Le dernier compromis élaboré autour de la TED est plus proche que jamais, depuis le début des négociations, de recueillir l’accord des vingt-sept États membres. Mais cet objectif ne pourra être atteint qu’au prix d’un consensus obtenu après des discussions longues et approfondies.

L’Irlande ne part pas de zéro. Elle hérite d’un projet de compromis qui a été révisé, amendé et affiné par le Conseil au cours des derniers mois. Le texte actuellement sur la table ne repose pas sur des ambitions irréalistes. Il est construit autour de ce qui peut réellement être adopté. Et ce qui peut être adopté correspond, dans son esprit comme dans sa substance, à ce que la France défend de manière constante depuis des années.

Selon les dispositions les plus récentes, les taux minimaux d’accises augmenteront dans l’ensemble des catégories de produits du tabac et de la nicotine dès qu’un accord sera trouvé. Les nouveaux produits nicotiniques, tels que les cigarettes électroniques, le tabac chauffé et les sachets de nicotine, seront intégrés pour la première fois dans le champ de la directive. Un mécanisme d’ajustement futur des taux, soumis à une décision du Conseil, garantira que l’accord conclu aujourd’hui ne devienne pas obsolète, comme cela a été le cas de la directive actuelle en vigueur depuis 2011. Il ne s’agit pas de mesures secondaires. Elles constituent le cœur même de la réforme attendue.
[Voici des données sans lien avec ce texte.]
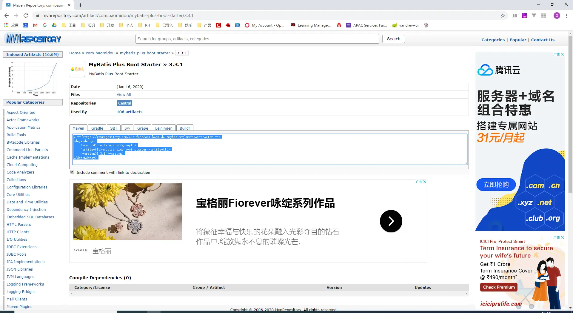 https://mvnrepository.com/,找到mybatis-plus - 加入pom.xml,IDEA开始自动下载依赖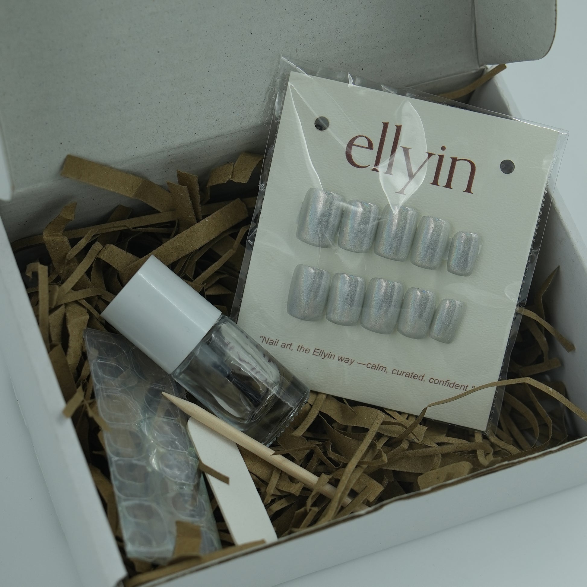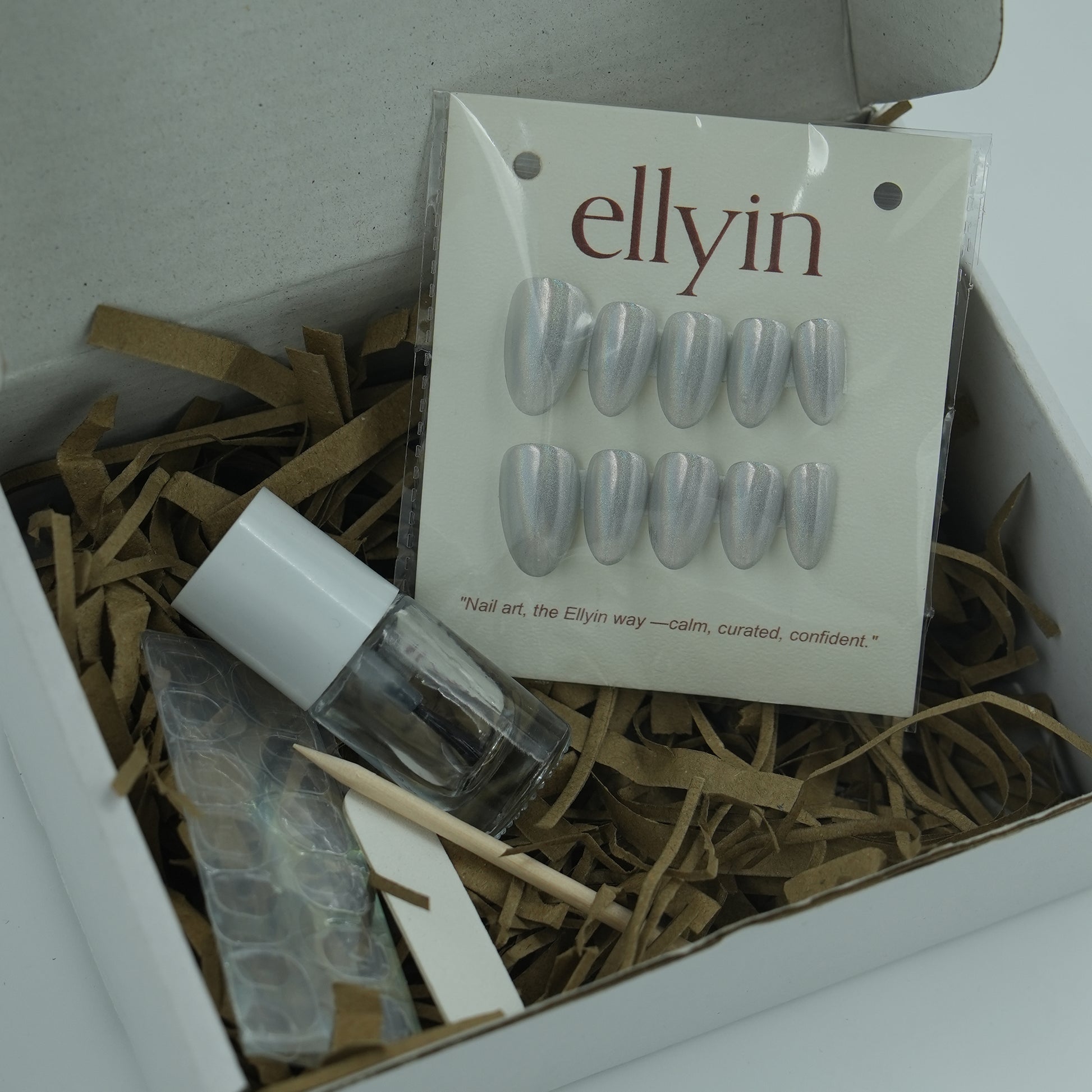 Each Ellyin box includes a complete set of press-on nails, nail glue/adhesive tab, a cuticle stick, mini buffer — all packed with care to make your DIY nail experience smooth and satisfying.

Rien de tout cela ne peut toutefois se faire sans compromis. Le texte actuel reflète la réalité de vingt-sept gouvernements disposant de situations budgétaires différentes et bénéficiant chacun d’un droit de veto. Les périodes de transition, les mécanismes d’ajustement et les augmentations progressives des taux ne sont pas les faiblesses de la proposition. Ils sont précisément ce qui la rend politiquement viable.

La législation fiscale européenne exige l’accord unanime de tous les États membres. De chacun d’entre eux. Le compromis actuellement proposé a été calibré pour maintenir l’adhésion d’une coalition composée de pays aux conditions économiques très diverses et aux visions parfois opposées sur le rythme des réformes.

Un texte plus ambitieux mais incapable de résister à cette diversité n’aboutirait à rien. Rien pour la santé publique, rien pour la cohérence fiscale, rien pour le socle harmonisé que la France affirme depuis des années nécessaire à l’échelle européenne.

À l’inverse, un texte conçu pour être adopté change la donne. Il fixe un niveau minimal commun. Il intègre les nouveaux produits dans le cadre réglementaire. Il inscrit dans le droit européen le principe selon lequel les ajustements futurs des taux doivent faire partie intégrante de la politique d’accises. Ce ne sont pas des avancées mineures.

La volonté politique est toujours difficile à réunir, mais l’Europe a besoin d’une mise à jour de son cadre réglementaire. La question n’est donc plus de savoir si l’Europe doit agir. Elle y a déjà répondu. La véritable question est de savoir si elle saura agir alors que les conditions nécessaires sont enfin réunies.

La France a défendu la réforme avec constance et crédibilité, et le compromis actuel de la TED est précisément l’outil qui permet de la concrétiser. L’Irlande a désormais affiché une ambition claire. Le véritable test consistera à savoir si elle saura conjuguer cette ambition avec l’habileté diplomatique nécessaire pour obtenir enfin un résultat majeur pour l’Europe.

Soutenir ce compromis ne revient pas à renoncer à une vision plus exigeante. C’est au contraire l’aboutissement logique du plaidoyer que la France porte depuis le début.

Le moment est venu. La France et l’Irlande doivent assumer pleinement leur rôle de porte-voix d’une ambition pragmatique capable de conduire l’Europe vers l’accord, le compromis et le progrès.

Alexandre Allegret-Pilot est député UDR de la 5ᵉ circonscription du Gard depuis 2024. Ancien haut fonctionnaire, il siège à l’Assemblée nationale où il est membre de la commission des Finances.